**What is needed**
Among the entries below, one stretch runs from the line that contains "Tukeva ja hyväkuntoinen" through the line that contains "Set je vyrobený". Repeat that stretch exactly, ends included, and only that.

[Given data]

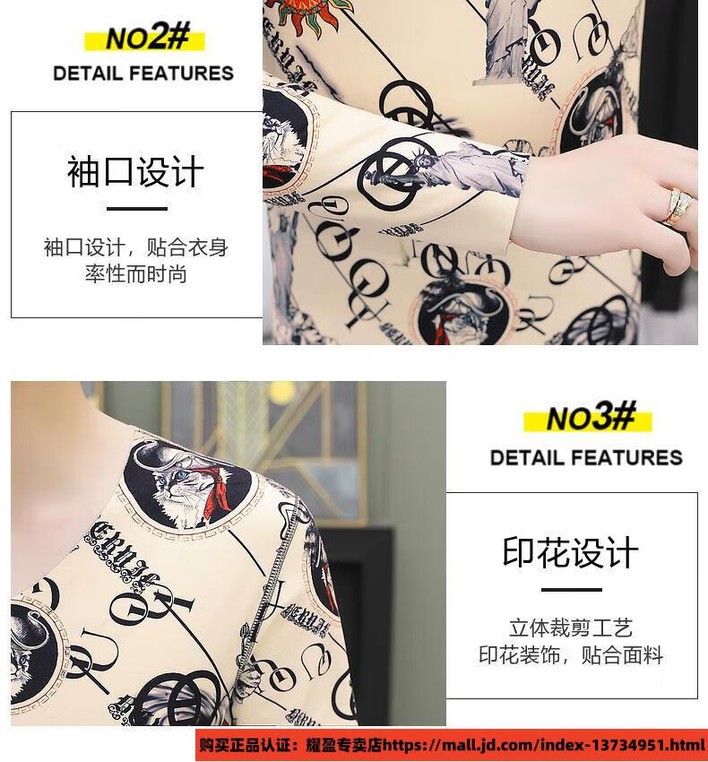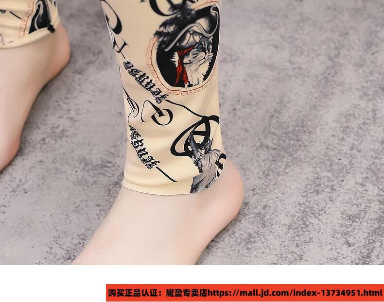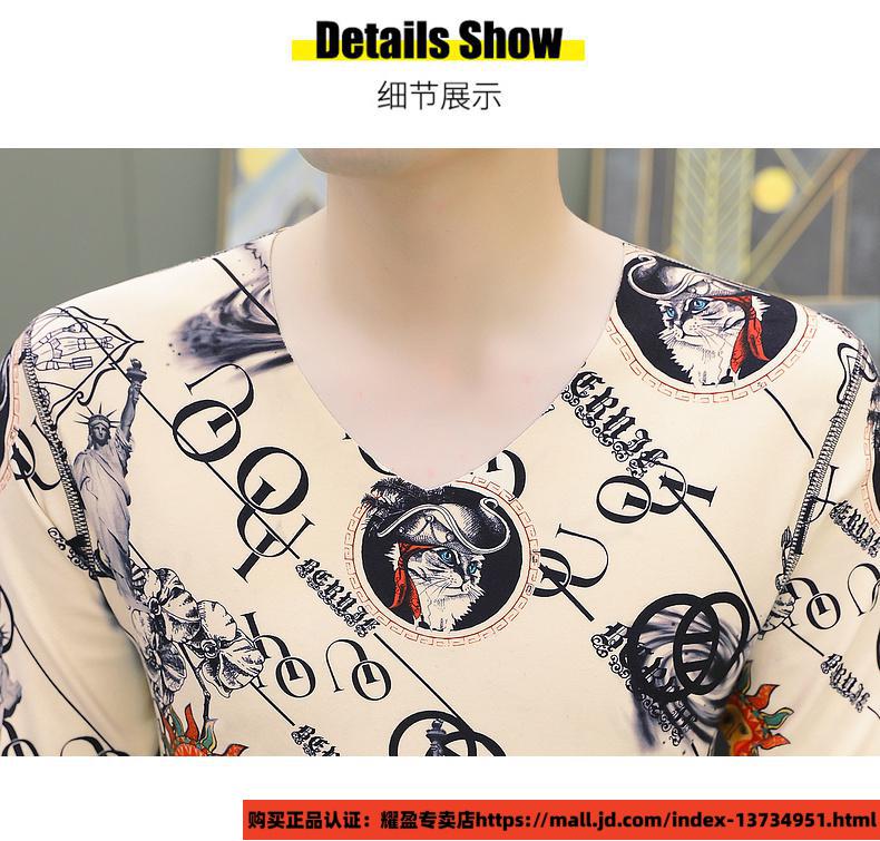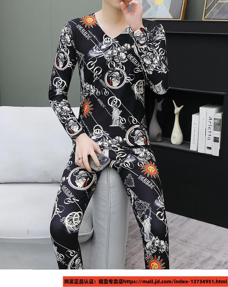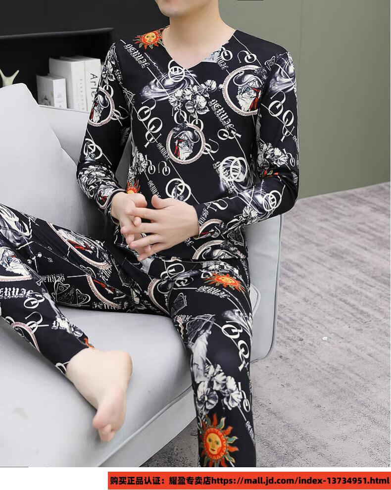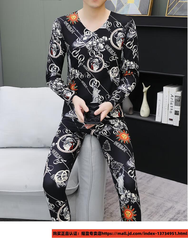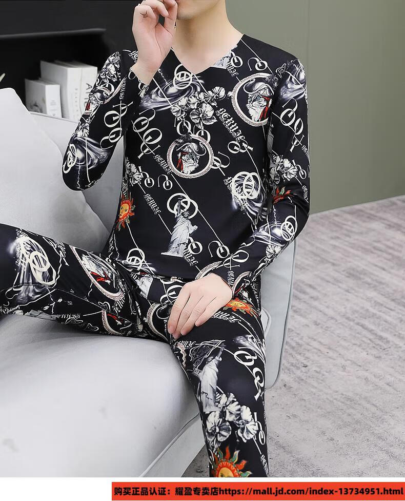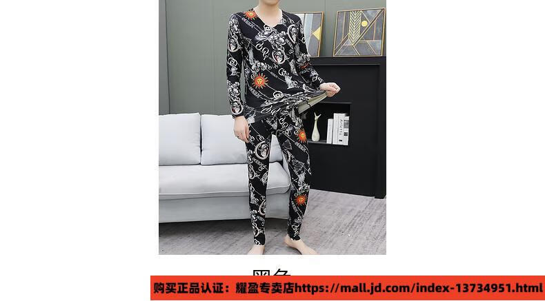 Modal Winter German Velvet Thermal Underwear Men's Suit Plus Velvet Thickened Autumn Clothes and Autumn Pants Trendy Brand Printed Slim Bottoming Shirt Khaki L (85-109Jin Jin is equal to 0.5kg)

[/Given data]
[Given data]

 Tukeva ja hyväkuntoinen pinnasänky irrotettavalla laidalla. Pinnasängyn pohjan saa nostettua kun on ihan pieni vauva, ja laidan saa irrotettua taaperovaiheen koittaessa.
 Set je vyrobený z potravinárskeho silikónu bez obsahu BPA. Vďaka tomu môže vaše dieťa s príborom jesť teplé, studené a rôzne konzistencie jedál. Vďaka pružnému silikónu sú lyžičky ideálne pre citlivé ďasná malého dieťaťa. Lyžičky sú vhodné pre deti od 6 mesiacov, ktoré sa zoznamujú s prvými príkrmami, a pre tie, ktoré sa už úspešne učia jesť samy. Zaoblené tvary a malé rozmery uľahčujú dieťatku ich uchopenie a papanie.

[/Given data]

**Answer box**
 Tukeva ja hyväkuntoinen pinnasänky irrotettavalla laidalla. Pinnasängyn pohjan saa nostettua kun on ihan pieni vauva, ja laidan saa irrotettua taaperovaiheen koittaessa.
 Set je vyrobený z potravinárskeho silikónu bez obsahu BPA. Vďaka tomu môže vaše dieťa s príborom jesť teplé, studené a rôzne konzistencie jedál. Vďaka pružnému silikónu sú lyžičky ideálne pre citlivé ďasná malého dieťaťa. Lyžičky sú vhodné pre deti od 6 mesiacov, ktoré sa zoznamujú s prvými príkrmami, a pre tie, ktoré sa už úspešne učia jesť samy. Zaoblené tvary a malé rozmery uľahčujú dieťatku ich uchopenie a papanie.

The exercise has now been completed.